Lawyer Jerome O’Neill submitted civil papers Dec. 7 in U.S. District Court in Burlington on behalf of a former Vermont man now living in Texas who alleges he was sexually abused as a child by Alfred Willis, a former priest for the statewide Roman Catholic Diocese from 1975 until his dismissal in 1985.
The accuser, who asked not to be named, was an altar boy at Milton’s St. Ann parish when the claims took place four decades ago. But the Vermonter, who went on to move out of state, didn’t learn until last year that the diocese had tried to cover up its role and therefore could be legally liable.
The state’s largest religious denomination had hoped to have heard the last of such lawsuits in 2013 after paying more than $30 million in settlements to cap a near-bankrupting 11-year string of 40 headline-grabbing cases.
O’Neill and church counsel tried to settle the latest case earlier this year, only to disagree on financial terms. After filing court papers, the accuser’s attorney received a call from the diocese this past week seeking another chance to talk.
“It was a surprise to me,” O’Neill said. “They made an offer to us and in the course of 24 hours we were able to resolve the case.”
Although the diocese is allowing the accuser to report the specific financial figure, “my client prefers not to have the number disclosed for his personal privacy,” O’Neill said.
The diocese, for its part, said in a statement it would work “to be transparent about the handling, prevention and response to the sexual abuse of minors.”
“It was our goal from the start to enter into a just settlement to this case in order to make restitution to the victim for what happened to him over 30 years ago,” Vermont Catholic Bishop Christopher Coyne said. “Once again, I cannot apologize enough for what happened. All I can do is to make sure, as much as I humanly can, that this does not happen again.”
Willis, born in 1944 and last known to be living in Virginia, first worked in Vermont as a deacon at Burlington’s St. Anthony Parish in 1975 and, after ordination in 1976, as an assistant to the pastor at Montpelier’s St. Augustine Parish. After receiving abuse reports, the diocese transferred Willis to Milton in 1979 before removing him a year later.
This month’s settlement isn’t the first involving the former priest. In 2004, the diocese paid $150,000 and released an admission of past actions to settle a similar lawsuit by another former Milton boy. As part of that agreement, the diocese acknowledged it knew Willis had faced sexual misconduct charges as early as seminary but transferred him repeatedly without telling churchgoers of his problematic history, even when it asked the Vatican to defrock him after determining he was guilty of child abuse.

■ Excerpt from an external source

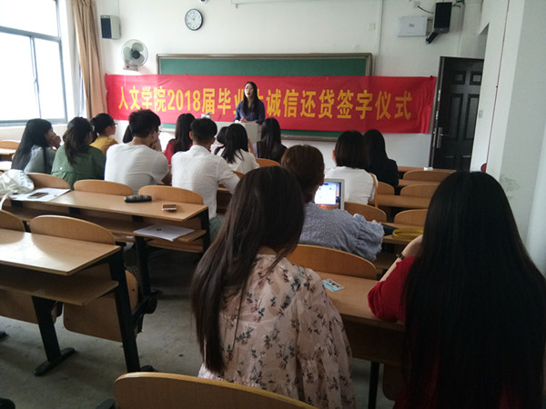 5月27日下午,在幕府校区教学楼104,yl88858永利集团举办了2018届毕业生诚信还贷签名活动。全院办理助学贷款的2018届毕业生参加了本次活动。

The filing comes as a local and state task force of police and prosecutors has launched its own investigation of church-wide misconduct. In response, the diocese — known for a history of defying court orders and outside review — has expressed its intent to work with law enforcement, release past child abuse victims from nondisclosure agreements, form a lay committee to review clergy misconduct files and, once finished, publicly release the names of offenders.
“The Diocese of Burlington for the past 16 years has committed itself to a zero-tolerance policy when it comes to child abuse and neglect and the full implementation of the Charter for the Protection of Children and Young People,” it said in a weekend statement. “There are no priests in ministry who have had a credible and substantiated allegation made against them.”